Reyhan Harmanci, who was laid off from Topic when the magazine shuttered, is joining Gimlet as deputy head of programming.

Justin Miller, after six years at the Daily Beast, is going to Medium, where he will be deputy editor of GEN Magazine.

Everything Else

— On the tail end of a tumultuous month that included a failed IPO and the resignation of its CEO, WeWork is considering selling its 23% stake in The Wing.

— Food52, a cooking and e-commerce site founded by NYTimes food journalists Amanda Hesser and Merrill Stubbs, has sold a majority stake to venture firm TCG for a whopping $83 million. I’m starting to think there is money in media and I’m just doing it wrong?
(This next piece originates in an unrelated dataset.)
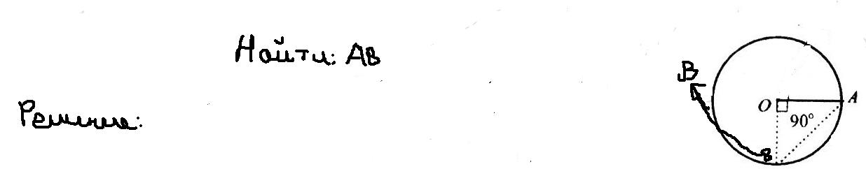 Условие: Радиус окружности с центром O равен 16. Найти хорду ab. Если aob(угол)=90 градусов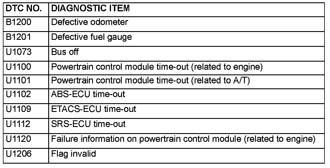 DIAGNOSTIC TROUBLE CODE CHARTB1200 - U1206:

— Speaking of R29’s events business: Eater is currently expanding its events offerings — this year alone, the site has launched 11 new event programs and series for its brand and has either hosted or been a part of over 50 events for its parent company Vox.

— Sludge, a Civil newsroom that covers corruption, is begging for donations and is in danger of shutting down. If it doesn’t raise sufficient funds this month, it will “go into hibernation” Oct. 31.

— In the second round of layoffs this year, 11 full-time employees were cut from the Huffington Post video department. It’s all part of the company “realigning its video strategy,” per a spokesperson, which had previously consisted of licensing content to streaming services.